The poet who said April is the cruelest month obviously didn’t know about our May.
- As the month began, that unpronounceable Icelandic volcano kept spewing out tons of black smoke, soot, grit, acidic gases, and all manner of obnoxious things. Airports in Spain, Italy, and Portugal had to close again.
- The Greek economy threatened to stumble into a black hole that promised to suck the rest of Europe in with it, until the European Union came to the rescue with a (gasp!) bailout.
- The stock market plummeted 1,000 points in 15 minutes on May 6 before bouncing back up 600 like a kangaroo on a pogo stick. And the thing is, nobody yet knows why it plunged or rebounded. The first thought was that maybe a trader hit the wrong button on his computer.
- That out-of-control well in the Gulf of Mexico continued to gush oil into the water as BP workers struggled, unsuccessfully, to get it under control.
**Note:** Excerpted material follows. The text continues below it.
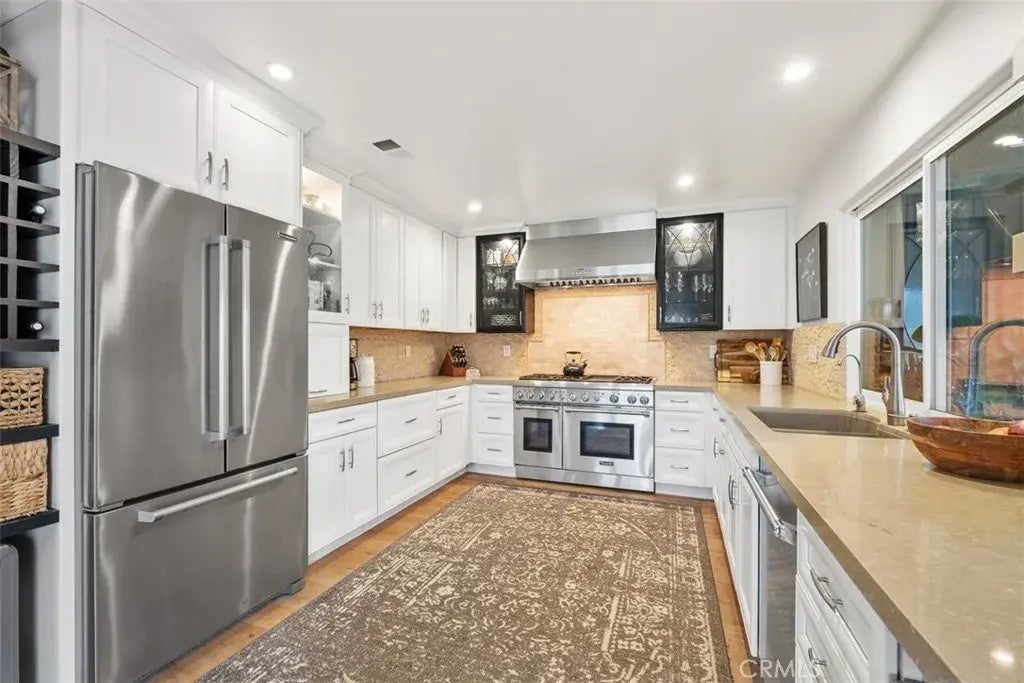 Welcome to 32142 Via Barrida, a beautifully updated, single-level home nestled in the desirable 55+ San Juan East community. Offering 3 spacious bedrooms, 2 luxurious bathrooms, and a wealth of premium upgrades, this home perfectly blends comfort and style. The open floor plan seamlessly integrates the kitchen, dining, and living areas, creating an ideal space for both everyday living and entertaining. Stunning wire-brushed light oak flooring flows throughout, enhancing the warm and inviting atmosphere. The chefs kitchen is a true standout, featuring sleek quartz countertops, an 8-burner gas range with a griddle, all Thermador appliances, a wine fridge, reverse osmosis, and ample storage. The living room is anchored by a custom stone fireplace, adding a touch of elegance and coziness to the space. The primary suite is spacious and offers a custom-built walk-in closet and an en-suite bathroom with a luxurious steam shower and upgraded vanity. The third bedroom is both versatile and spacious, currently used as an office, and includes a gorgeous sliding barn door for added character. Step outside to the private patio, designed for year-round enjoyment. Equipped with built-in heaters and a bar area wired for an exterior TV, this space is perfect for both relaxing and entertaining. Additional features include a newer AC unit and water heater, upgraded windows, and a two-car garage with storage. Located in a well-maintained community with access to a clubhouse, golf course, and pool, this home offers an exceptional living experience.

Conservatives, most of whom opposed the regulation of offshore drilling that might have averted the spill, have started calling it “Obama’s Katrina.” (For all I know, they’re blaming him for the volcano too.)
In other words, this is shaping up to be a really, really ugly month. Seldom has so much stupidity, past and present, been on display simultaneously.
And the thing that disturbed me most about all of it is this: A guy hit the wrong button on his computer? What are you, kidding me? Please don’t tell me that some clown at the New York Stock Exchange can do away with half of my net worth in 15 minutes because he hits the wrong button.
As it turns out, that’s not what they’re telling me. After investigating the matter over the weekend officials now think it was a systemic glitch, which, under certain circumstances, can torpedo the market. But they’re going to fix it, probably. Great. Do you ever get the feeling that we’re shooting craps with the other guys’ dice and the dice don’t have spots on them?
The second most troubling thing about the events was Greece. It’s bad enough having to bail out a country that has lived beyond its means for decades; the real question is, why would you lend money to Greece in the first place?
Have you ever been to Greece? People there can’t even stand in line, let alone pay their bills. The national sport is not paying your taxes. People don’t even consider it cheating. The second-most popular sport is bribery. Nothing happens in Greece without someone getting greased.
Lending money to Greece is like giving it to the Bernie Madoff Defense Fund. So why do it? Simple. Europe had no choice.
If Greece’s economy goes under, it might very well take the Euro with it and if the Euro collapses, can Europe be far behind? Think of Europe as mountain climbers tied together on one rope as they climb. Greece is the fat guy in the middle who is having a heart attack. If he falls, they all fall. It’s not their fault that the guy is fat, but they have to save him or die.
Paradoxically, it could well be that the voters in the United States are so enraged by the bailouts here that they will react by throwing out of power the people who are trying to rescue them and replace them with the guys who caused the problem in the first place.
As I said, despite the roses and the peonies, this is an ugly month. It would be, even without the oil or volcano.